=== Work to complete ===
Among the entries below, only the lines from the one with "Luxury Cape Abaya" through the one with "その後の校旗返納では、学校ご" are wanted, reproduced exactly. Pictures are not wanted.

=== Data for this task ===
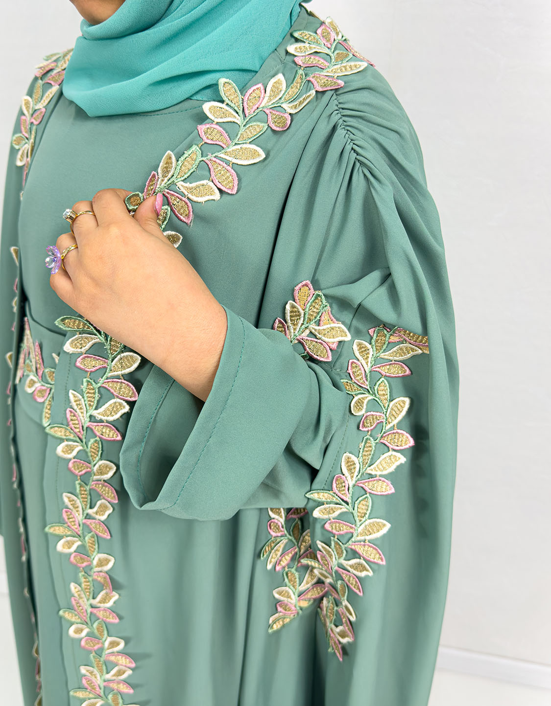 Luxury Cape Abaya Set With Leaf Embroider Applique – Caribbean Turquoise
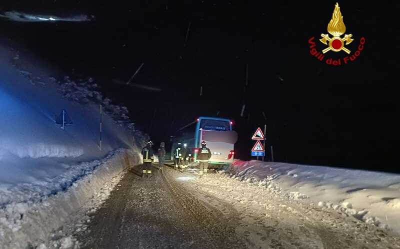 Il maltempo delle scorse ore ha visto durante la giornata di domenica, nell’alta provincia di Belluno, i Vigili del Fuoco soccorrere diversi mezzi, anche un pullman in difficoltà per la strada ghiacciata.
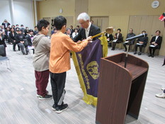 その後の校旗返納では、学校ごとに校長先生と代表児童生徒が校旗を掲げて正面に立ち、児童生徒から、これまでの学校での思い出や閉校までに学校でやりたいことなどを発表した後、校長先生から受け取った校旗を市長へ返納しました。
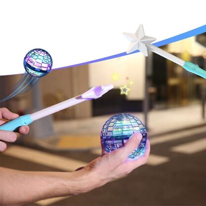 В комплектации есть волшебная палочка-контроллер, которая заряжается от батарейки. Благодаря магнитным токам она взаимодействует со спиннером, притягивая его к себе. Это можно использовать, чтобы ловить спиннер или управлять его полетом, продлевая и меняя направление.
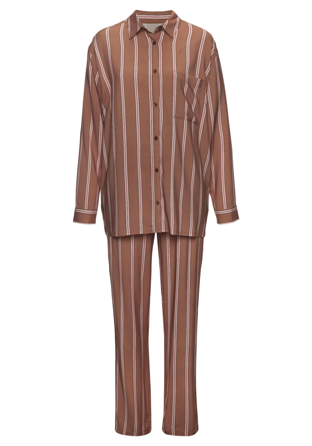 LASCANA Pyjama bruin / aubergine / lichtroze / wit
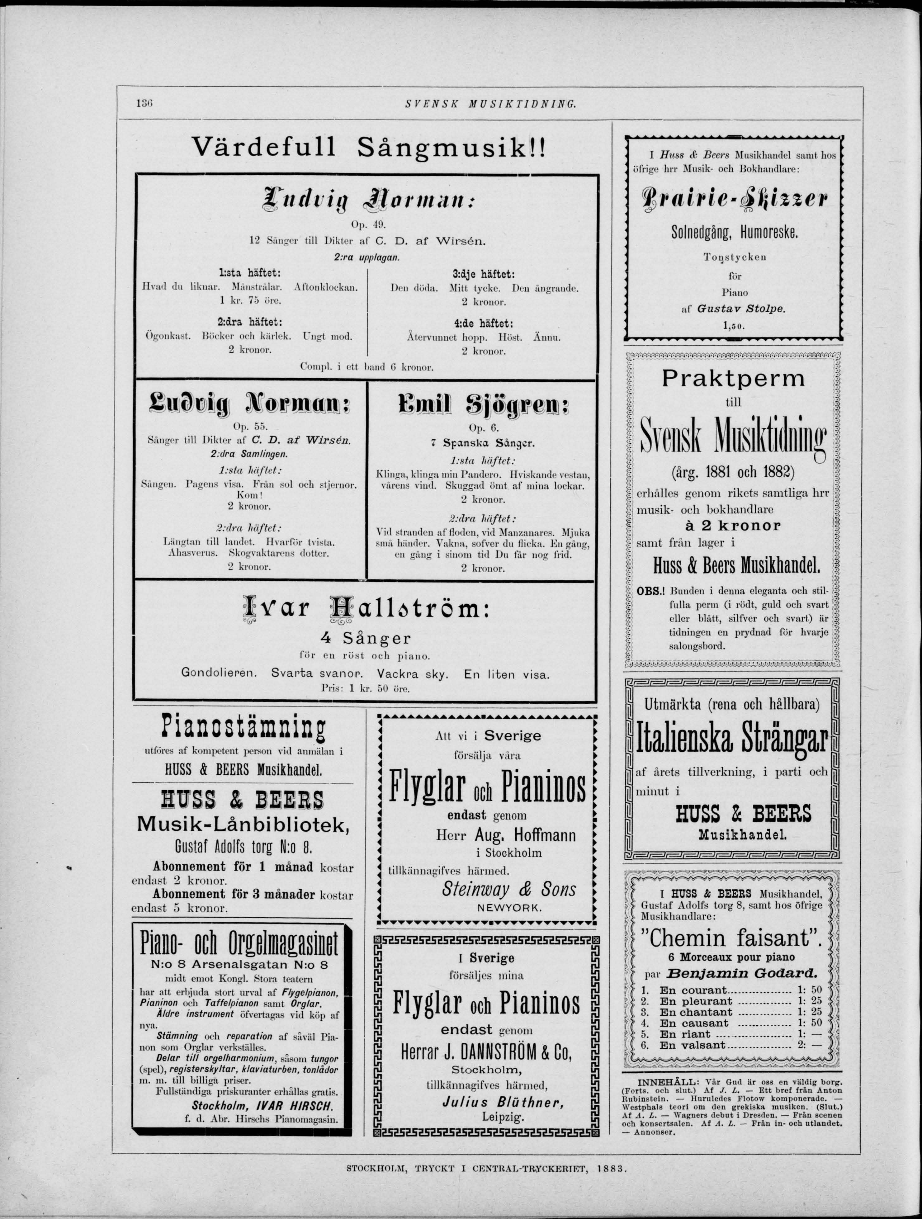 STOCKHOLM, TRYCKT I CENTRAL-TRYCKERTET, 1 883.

--

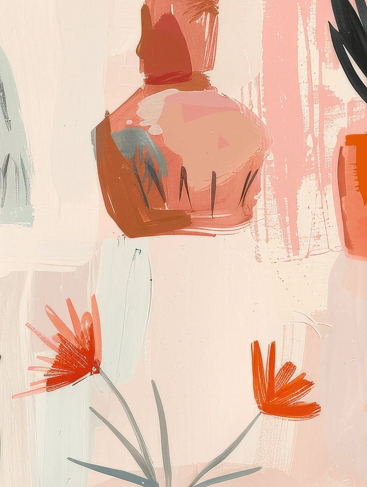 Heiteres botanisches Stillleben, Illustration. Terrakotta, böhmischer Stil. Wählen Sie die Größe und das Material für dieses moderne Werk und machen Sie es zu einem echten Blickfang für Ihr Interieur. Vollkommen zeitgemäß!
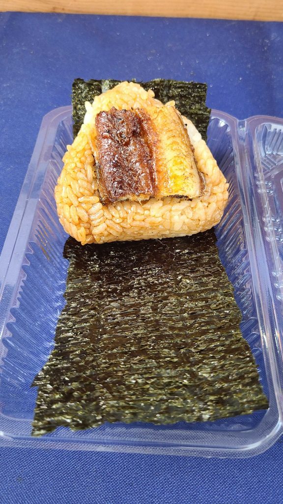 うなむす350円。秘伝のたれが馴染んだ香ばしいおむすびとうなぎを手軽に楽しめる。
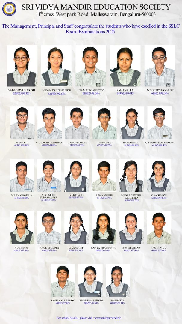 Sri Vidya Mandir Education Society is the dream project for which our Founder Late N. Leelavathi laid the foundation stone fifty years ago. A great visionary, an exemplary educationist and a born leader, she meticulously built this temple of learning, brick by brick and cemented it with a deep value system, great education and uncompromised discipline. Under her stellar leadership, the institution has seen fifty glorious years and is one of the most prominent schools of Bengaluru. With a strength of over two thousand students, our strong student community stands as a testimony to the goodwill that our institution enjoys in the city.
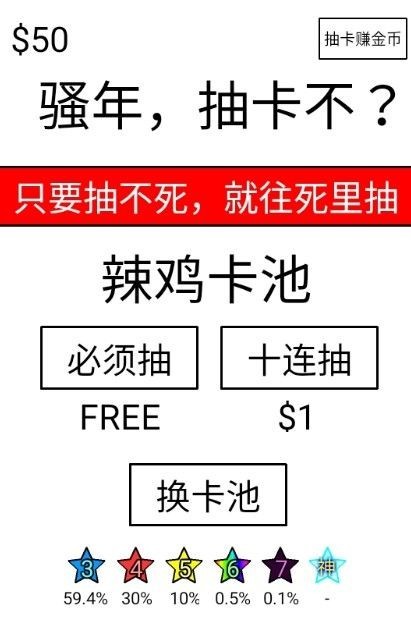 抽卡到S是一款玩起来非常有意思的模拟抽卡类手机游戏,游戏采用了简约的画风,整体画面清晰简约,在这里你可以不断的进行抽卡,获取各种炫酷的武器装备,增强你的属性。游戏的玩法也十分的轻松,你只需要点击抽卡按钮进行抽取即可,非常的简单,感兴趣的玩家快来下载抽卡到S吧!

=== Solution for this task ===
 Luxury Cape Abaya Set With Leaf Embroider Applique – Caribbean Turquoise
 Il maltempo delle scorse ore ha visto durante la giornata di domenica, nell’alta provincia di Belluno, i Vigili del Fuoco soccorrere diversi mezzi, anche un pullman in difficoltà per la strada ghiacciata.
 その後の校旗返納では、学校ごとに校長先生と代表児童生徒が校旗を掲げて正面に立ち、児童生徒から、これまでの学校での思い出や閉校までに学校でやりたいことなどを発表した後、校長先生から受け取った校旗を市長へ返納しました。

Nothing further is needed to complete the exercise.